Whitt's End: Misunderstanding Dak's '$45M' & Cowboys Best-Ever Ballers

Whitt's End: Let's Quit Misunderstanding Dak Prescott's Supposed' '$45 Million Demand,' The Dallas Cowboys Best-Ever Ballers & My DFW Sports Notebook

Whether you’re at the end of your coffee, your day, your week or even your rope, welcome to Whitt’s End 5.22.20 …

*Dak Prescott will win the wage war, but he’s losing the public relations battle. The screaming headline this week was “Dak wants $45 million a year!”. The Dallas Cowboys’ quarterback’s contraction negotiations are, of course, a tad trickier. But as we’ve learned recently – masks vs. no masks, for example – we no longer do nuance.

So … “Dak’s greedy!” is the growing, albeit shallow sentiment.

The $45 million Dak “wants” seems to be merely his counter to the Cowboys wanting to lock him into a five-year deal. ... and you'll note in Fish's coverage (Fish is the one who broke the story weeks ago of the "five years x $35 mil APY = $175 mil'' offer) that he characterizes the "$45 mil fifth year'' as a "rumor.''

A false one.

Anyway ... This deal will get done, but only then will Dak’s image reconstruction begin. He’ll get a smattering of boos during the preseason. No way around it: Regardless of context, the appearance that he's asking for $45 million (in any form) in the middle of a pandemic that is prompting record unemployment and countless shuttered businesses is horrible optics.

*Dirk Nowitzki was a better leader than Michael Jordan.
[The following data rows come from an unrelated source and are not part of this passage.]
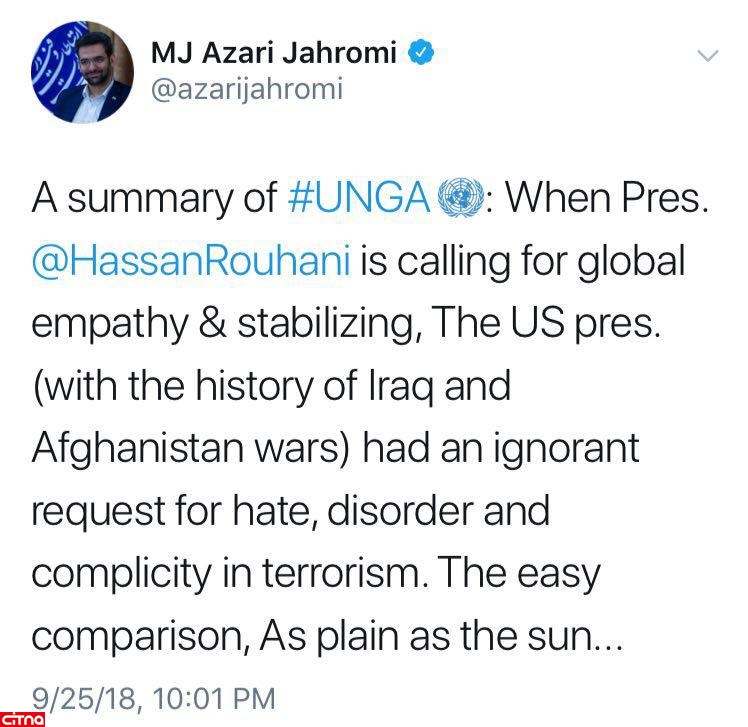 توئیت آذری جهرمی: روحانی در حال فراخوانی برای همدلی و ترامپ دنبال نفرت پراکنی است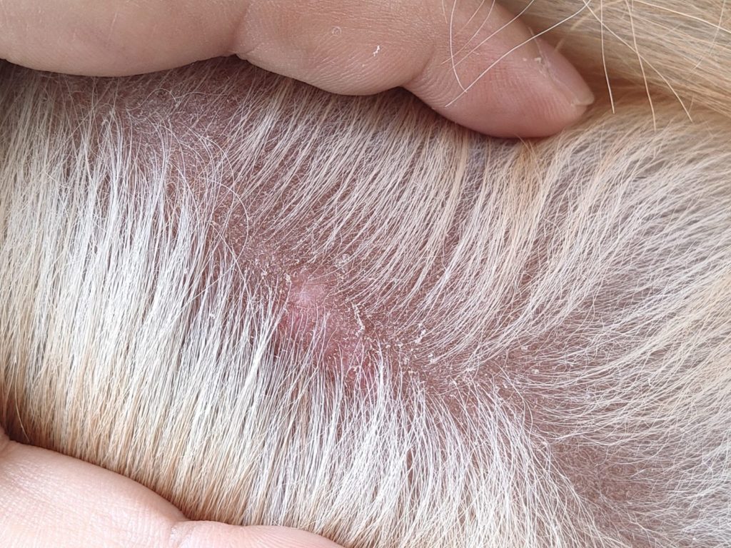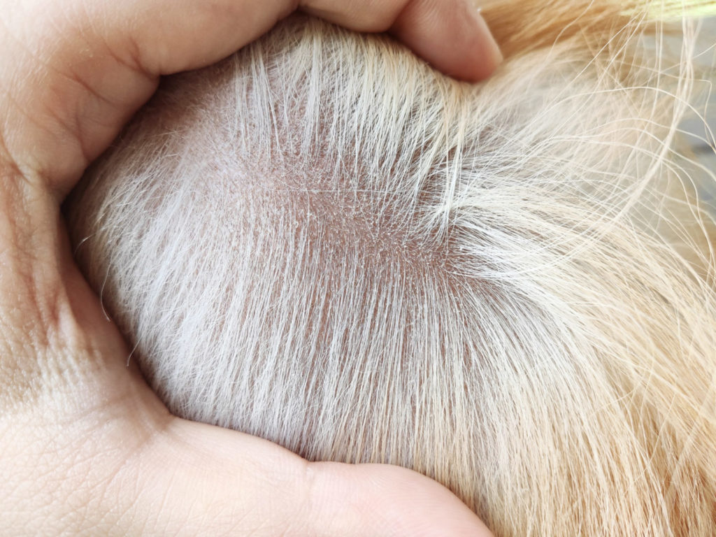 そして、ハゲているお腹をジッと覗き込むと…皮膚の代謝が進んでいるのかポロポロとフケが出ているのに混じって、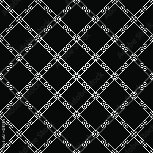 © Дмитрий, Naklejka premium Abstract Seamless Pattern Black Doodle Geometric Figures Background Vector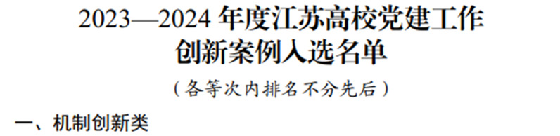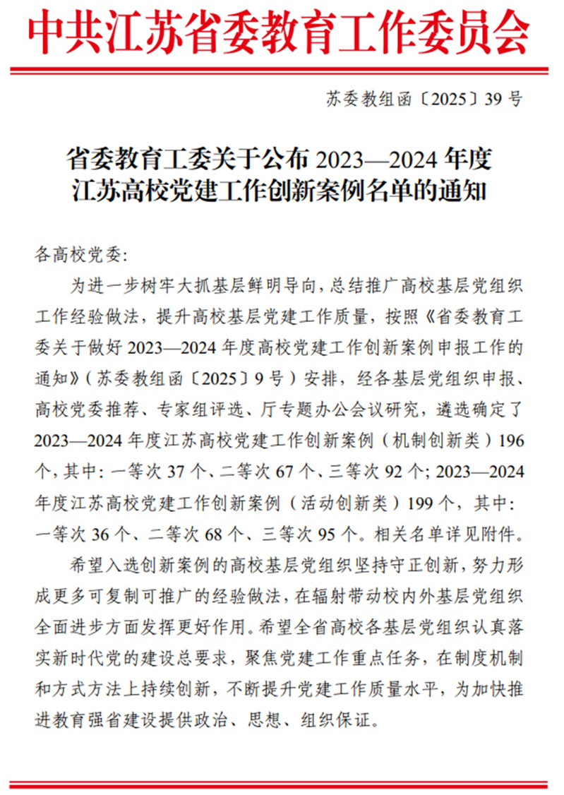 近日,江苏省委教育工委公布了2023-2024年度江苏高公司党建工作创新案例评选结果,公司《聚心·聚智·聚能:“三链”发力 打造校地合作新模式》获得机制创新类案例二等次。

I know. I know. No arguing Jordan was a far superior winner – six titles beats one, duh. But The Last Dance documentary reminded us that His Airness could be an a-hole of the loftiest proportions.

He picked on teammates (Scott Burrell). He punched teammates (diminutive Steve Kerr, not burly Charles Oakley). He quit on teammates (baseball).
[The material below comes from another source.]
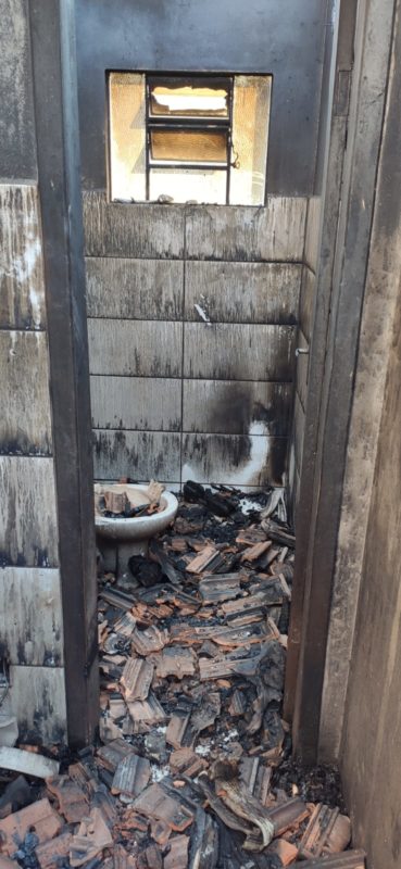 O fogo começou no quarto da frente da residência, onde havia um estoque de madeira. Cerca de 2 mil litros de água foram usados para combater as chamas, que já estavam destruindo a casa quando os bombeiros chegaram. – Foto: Fabiano Kutach/ Jornal A Gazeta/Divulgação ND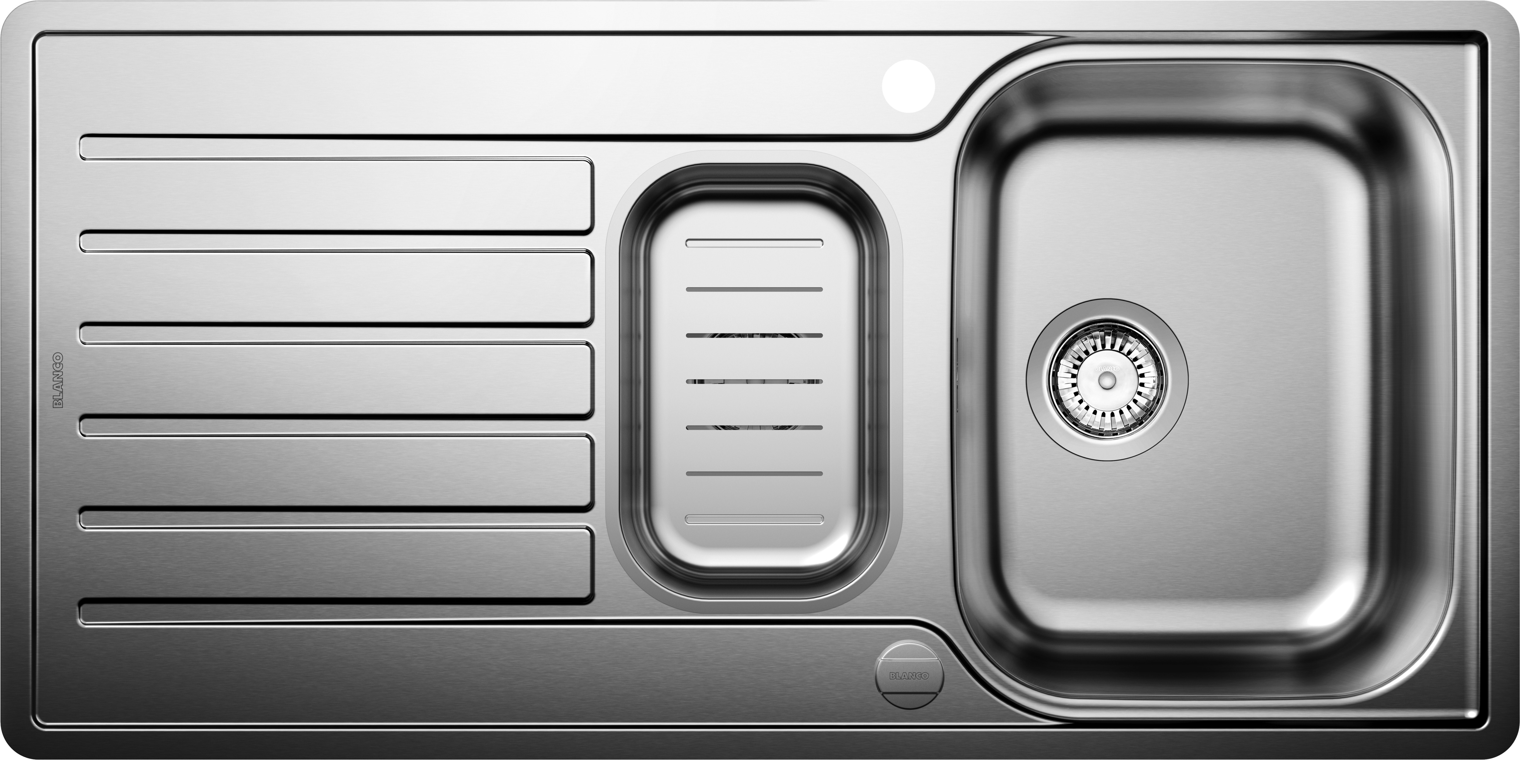 perforowana odsączarka ze stali szlachetnej, armatura przelewowo-odpływowa zapewniająca więcej miejsca w szafce, 2 x korek z sitkiem 3 ½'' ze sterowaniem korkiem automatycznym (pokrętło) do komory głównej

In 21 seasons with the Dallas Mavericks, Dirk never squabbled with teammates or coaches (outside of urging Lamar Odom to at least try). Never had an off-court hiccup (outside of one sour romance). Never did anything that wasn’t geared toward helping his teammates. With his “hometown discounts” in contract negotiations, he sacrificed potentially $200 million in salary – including $16 million in 2016 alone – so he could have better teammates.
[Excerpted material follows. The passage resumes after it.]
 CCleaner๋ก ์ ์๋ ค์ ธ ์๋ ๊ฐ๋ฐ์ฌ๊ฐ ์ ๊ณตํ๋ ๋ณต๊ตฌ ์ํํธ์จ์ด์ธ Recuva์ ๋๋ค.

Jordan proved a mean streak can help finish first. Dirk proved nice guys don’t always finish last.

*Day 72 without sports … Ah, Memorial Day, a time to celebrate the dawn of summer with a visit to the lake, grilling assorted meats and washing them down with … a seven-mile run, 300 pushups, 300 squats and 300 pullups?

That’s what some of us off-kilter types will engage in Sunday morning at Katy Trail in honor of Lt. Michael P. Murphy. It’s “The Murph,” and it’s our way of recognizing the sacrifice of our fallen military heroes.

*Counted, but not combined. In the wake of my reporting on Dallas-Fort Worth’s radio ratings, several Ticket listeners – and a couple of hosts – have accused me of not accurately representing the numbers.

Their contention: “Radio” listeners and “Stream” listeners should be combined into one overall rating.

My rebuttal: In its official ratings, Nielsen – the industry’s gold-standard scorekeeper – doesn’t combine them. For a deeper understanding, I reached out to the folks at Nielsen this week. Their explanation:

Listening to radio station streams is included in the total radio numbers reported by Nielsen. In the PPM markets, the online streams must be encoded in order for the meter to capture listening to them, and many stations choose to combine the stream audience with the over-the-air audience through a mechanism we call 'Total Line Reporting.'

However, even if the online stream is reported as a stand-alone and not combined with the over-the-air, we still capture any listening to the stream and roll it up into the market totals.

This is the case in Dallas specifically, where both KRLD-FM and KTCK report their internet streams separately, so they are NOT included in the overall numbers you see for KRLD-FM or KTCK-AM. By breaking out the stream separately and not combining it with the over-the-air content, this allows stations such as KRLD-FM (and) KTCK to sell the advertising inventory separately on the stream as opposed to the over-the-air.

Nielsen provided to Sports Illustrated this chart – covering all listeners and all hours of the most recently rated week – that shows … As you can see, KRLD-FM ranks 21st in the market based on audience share, KTCK-AM ranks 24. KTCK-AM stream ranks 33rd and KRLD-FM stream ranks 39th.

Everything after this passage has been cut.